Sheet Pan Sweet Potato Breakfast Hash Recipe
Hey y’all! Are you looking for a breakfast recipe that’s as delicious as it is easy? Our Sheet Pan Sweet Potato Breakfast Hash is just the ticket. Perfectly crispy sweet potatoes, savory veggies, and hearty protein make this dish an all-around winner – whether you’re hosting brunch or meal-prepping for the week. Let’s get cooking!
Why You’ll Love This
- Easy one-pan cleanup makes it a breeze for any morning.
- It’s packed with nutrients and flavor, perfect for a wholesome start to the day.
- Versatile enough to customize with your favorite toppings and add-ins.
- Great for feeding a crowd or preparing ahead for the week.
- A colorful, vibrant dish that looks as good as it tastes!
Ingredients
- 2 large sweet potatoes, peeled and diced
- 1 red bell pepper, chopped
- 1 green bell pepper, chopped
- 1 medium onion, diced
- 2 tablespoons olive oil
- 1 teaspoon garlic powder
- 1 teaspoon smoked paprika
- Salt and pepper, to taste
- 4 eggs
- 1/4 cup chopped fresh parsley
- Optional: cooked bacon or sausage
Directions
Prep the Vegetables

Preheat your oven to 400°F (200°C). In a large bowl, combine the sweet potatoes, bell peppers, onion, olive oil, garlic powder, smoked paprika, salt, and pepper. Toss until the veggies are well coated.
Spread on the Sheet Pan
Spread the mixture evenly on a large sheet pan. Make sure everything is in a single layer to ensure even cooking.
Roast the Hash
Roast in the oven for 25-30 minutes, stirring halfway through, until the sweet potatoes are tender and slightly crispy.

Add Eggs and Finish Cooking
Remove the pan from the oven and create 4 small wells in the mixture. Crack an egg into each well. Return the pan to the oven and bake for an additional 8-10 minutes, or until the eggs are set to your liking.
Garnish and Serve
Sprinkle with fresh parsley and serve immediately. Add cooked bacon or sausage if desired.
Notes
- For even more flavor, try adding a sprinkle of feta cheese before serving. Read more about sweet potato recipes.
- If you prefer runny yolks, keep an eye on the eggs after 8 minutes.
- Use parchment paper for easier cleanup and to prevent sticking.
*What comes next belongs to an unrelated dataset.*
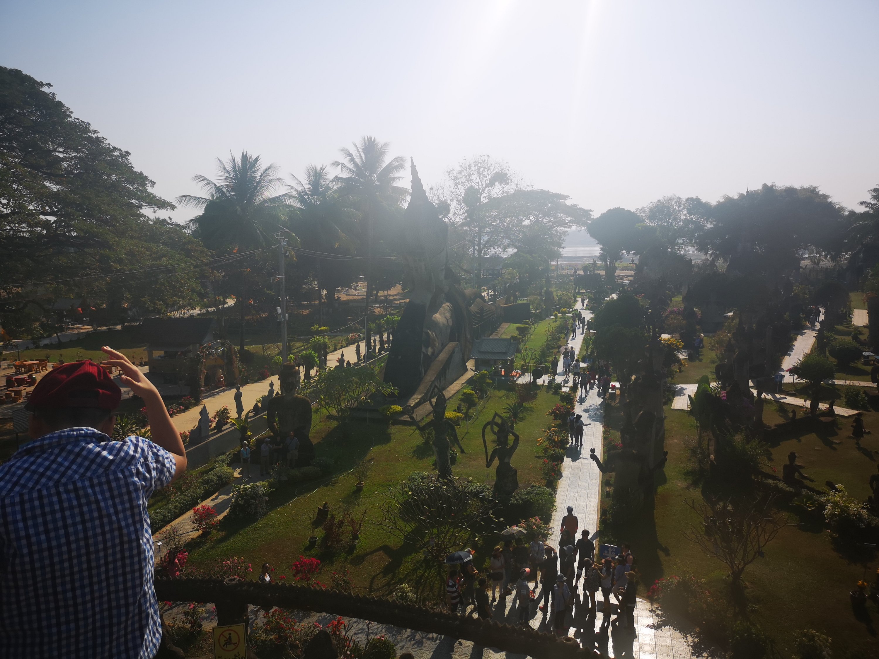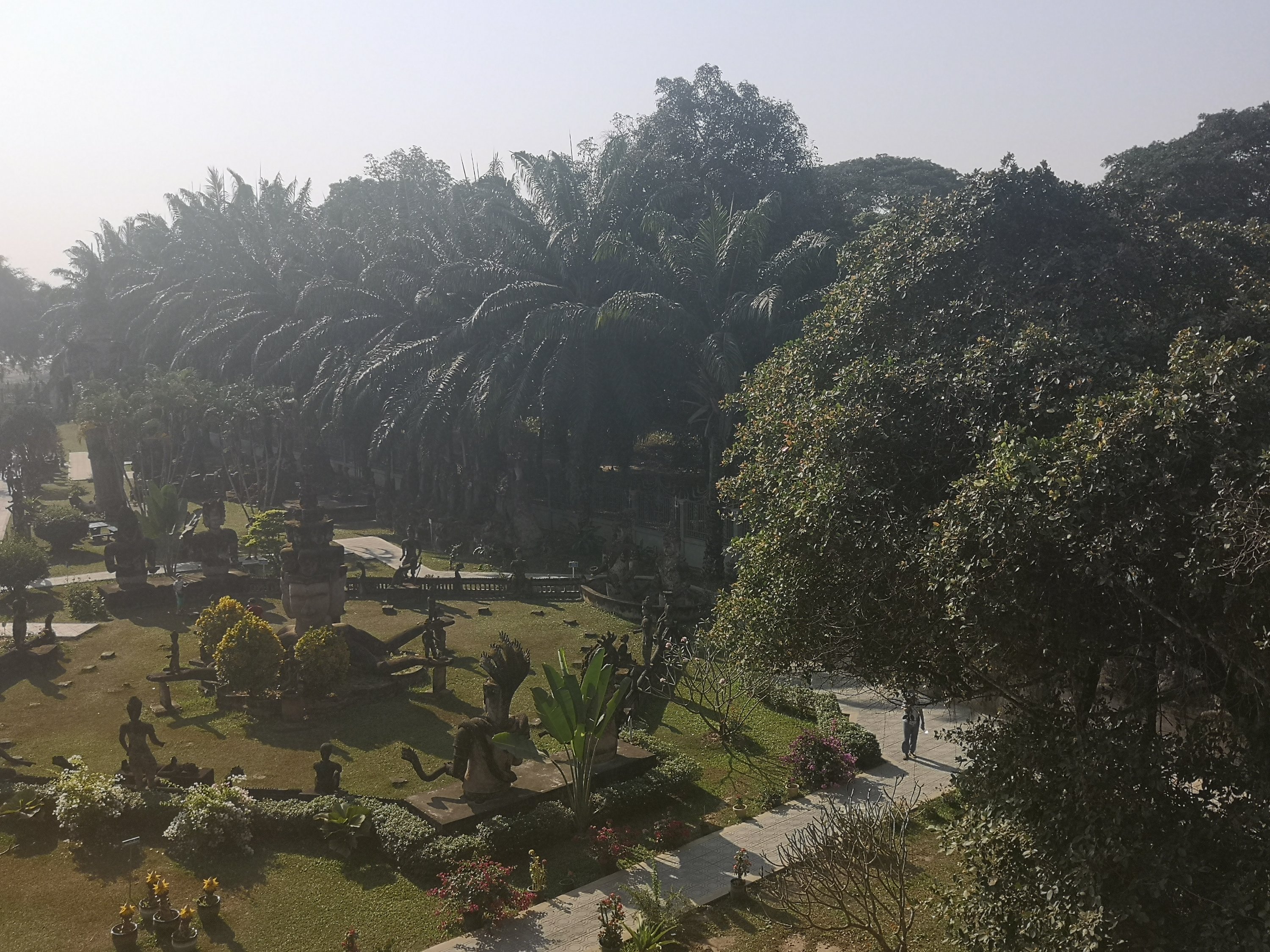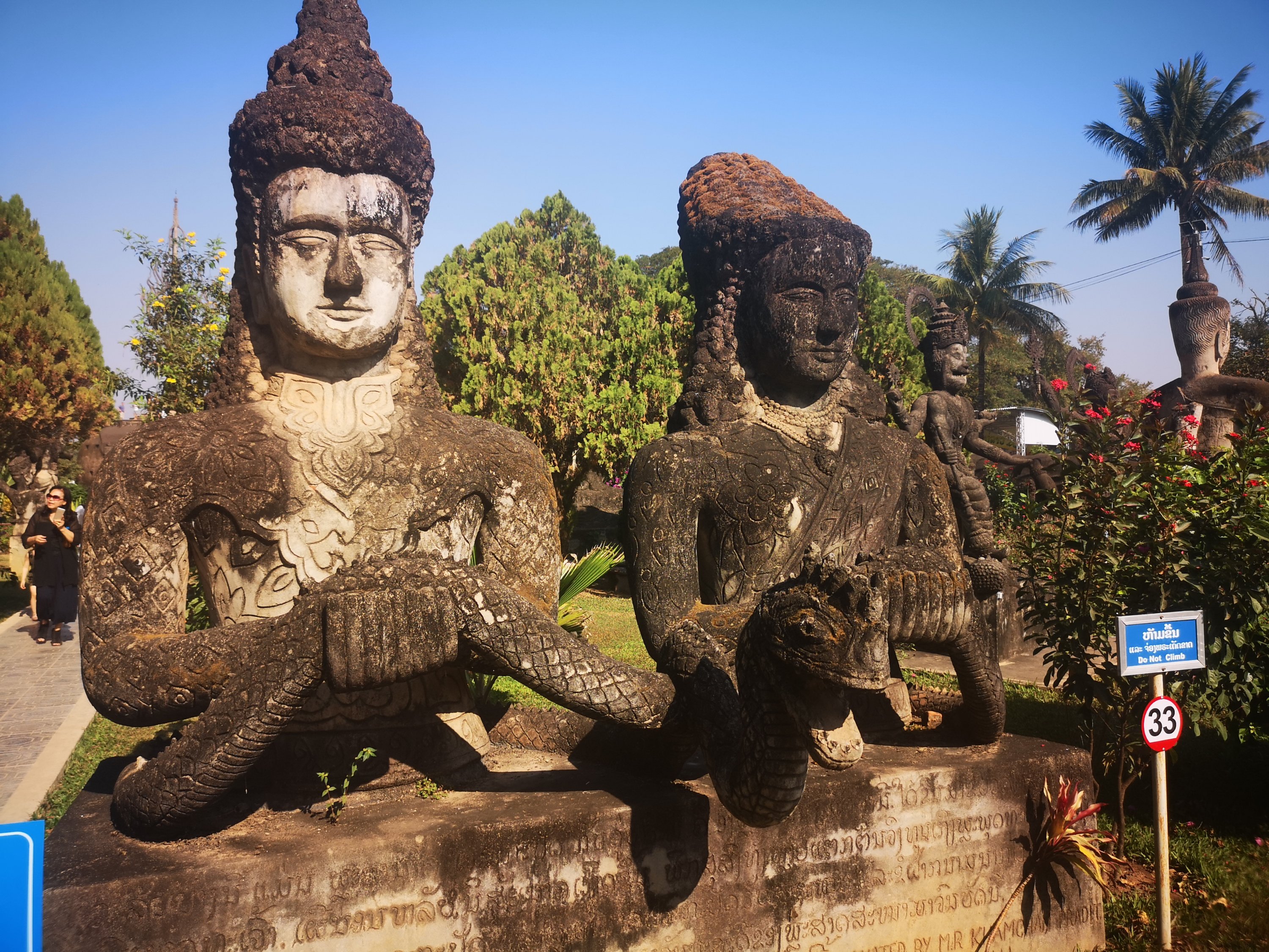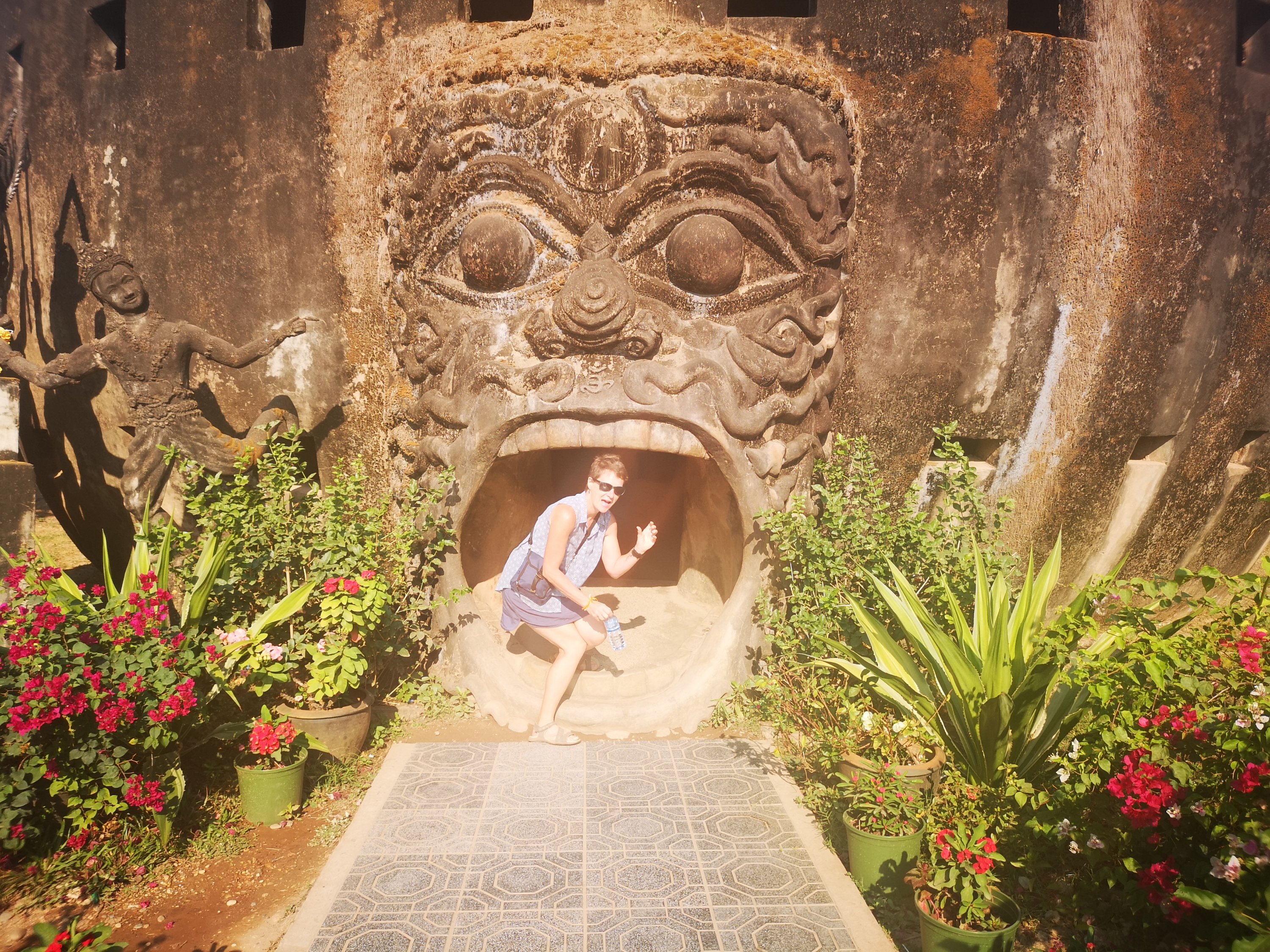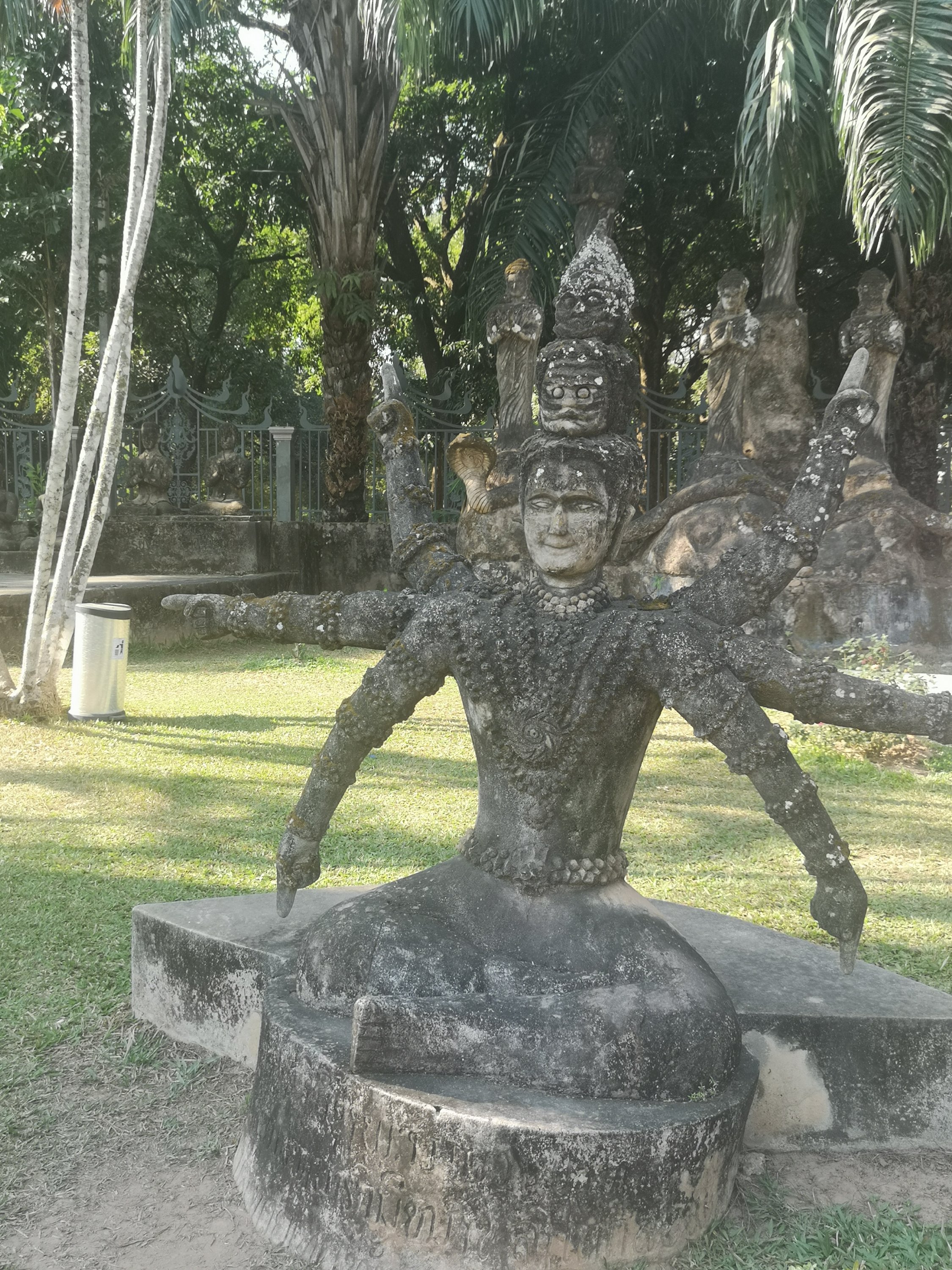 Buddha Park is also known as Xiang Khan, it means “Spirit City”. There are no traditional Buddha statues. Built by Luang Pu, who styled the park in Buddhist and Hindu mythology erected statues built by amateurs to showcase that mythology. The statues are bizarre and cool at the same timeand each tells a story. As it was my last morning in Vientiane and we needed to check out of the hotel, we did not spend time to do the audio tour. During unrest during the revolution in Laos in 1975, he fled the city into Thailand (Nong Khai) which is less than 1 kn away and built a similar park there. You can see the Laos park from the highest structure in the park in Thailand.

Learn about sheet pan cooking techniques.

Variations
- Spicy Hash: Add diced jalapeños and a dash of hot sauce for some heat.
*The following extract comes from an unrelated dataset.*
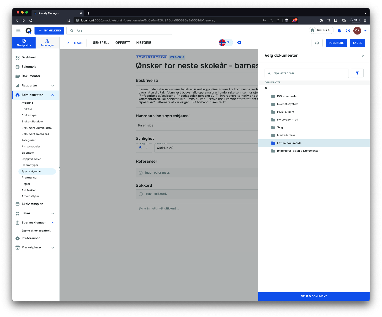 Referanser kan legges til dokumenter lagret i Q for å gi kontekst til et spørreskjema eller relevante dokumenter.
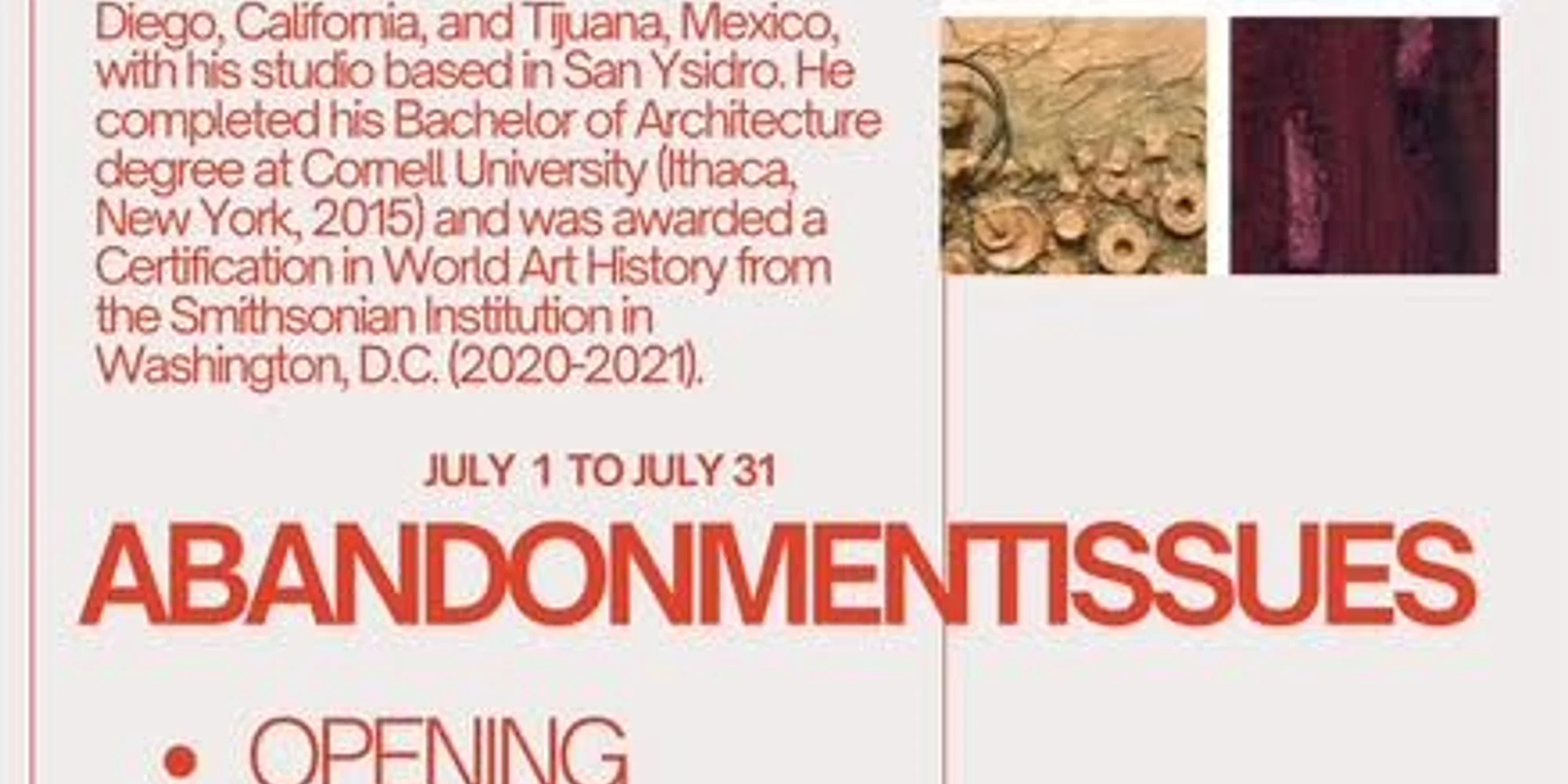 Exhibition Reception – July 10 from 5 to 8PM. AbandonmenTissues by Alvaro Alvarez The East County Art Association is proud to present the Opening Reception of AbandonmenTissues on July 10, a powerful exhibition by artist and architectural designer Alvaro Alvarez in ECAA Gallery 1. At the heart of this exhibition is Alvarez’s creative process of recycling and transformation. Through his work, objects often perceived as discarded or worthless are reimagined into compelling works of art. Materials once considered trash are carefully reassembled and transformed, revealing unexpected beauty and meaning. For Alvarez, this process carries a powerful message: problems are also opportunities. By reclaiming abandoned materials, the artist demonstrates how challenges whether environmental or personal can become the foundation for creativity, reflection, and renewal. Rather than passing judgment or pointing fingers, AbandonmenTissues seeks to inspire action through creativity. Just as Alvarez discovered in recycling a personal way to respond to environmental concerns, each visitor is invited to reflect on their own worries and challenges, and imagine how they too might transform them into something meaningful. Alvarez’s practice is also deeply connected to ocean and environmental conservation, using recycled materials as a way to highlight the importance of reducing waste and protecting our natural ecosystems. Through this artistic approach, the exhibition connects creative expression with environmental awareness, encouraging viewers to rethink the relationship between consumption, waste, and the health of our planet. The Grand Opening Reception on July 10 launches a months-long exhibition and will feature special activations designed to reinforce the artist’s central thesis: difficulties hold unlimited potential. Through art, dialogue, and immersive experiences, visitors will witness how creativity can flourish even in adversity, motivating us to imagine new possibilities for ourselves, our communities, and the environment. AbandonmenTissues ultimately reclaims creativity as a tool for action, addressing the challenges of our time from environmental concerns to the most intimate inner battles and inviting audiences to see transformation not only in art, but in life itself. About Alvaro Alvarez- Alvaro holds a Bachelor of Architecture from Cornell University (Ithaca, New York) and a Certification in World Art History from the Smithsonian Institution in Washington, D.C. His interdisciplinary practice blends art, architecture, and social reflection, creating immersive works that encourage dialogue and new perspectives. Is a Free event ! for more information Contact Linda Baltodano President ECAA (619)499-7758

- Cheesy Delight: Sprinkle shredded cheddar cheese over the top before baking the eggs.
- Vegetarian Twist: Swap the bacon or sausage for mushrooms and zucchini.
Required Equipment
- Large mixing bowl
- Sheet pan
- Cutting board and knife
- Spatula
Storage Instructions
Store leftovers in an airtight container in the refrigerator for up to 3 days. Reheat in the oven at 350°F (175°C) until warmed through.
Suggested Pairings
Pair this breakfast hash with a fresh fruit salad or a side of toast for a complete meal. For an extra touch of indulgence, try it with a mimosa!
Pro Tips
- Make sure to cut all vegetables into uniform pieces to ensure even cooking. Discover more breakfast hash tips.
- Preheat the sheet pan for a few minutes before adding the vegetables to get a crispier texture.
- Use a spatula to gently lift the eggs off the pan when serving to keep the yolks intact.
FAQ
- Can I make this recipe vegan? Yes, simply omit the eggs and replace them with tofu scramble or chickpeas.
- Is this dish gluten-free? Absolutely! All the ingredients used in this recipe are naturally gluten-free.
- Can I use regular potatoes instead of sweet potatoes? Yes, but the cooking time might vary slightly. Keep an eye on them to ensure they reach your desired tenderness.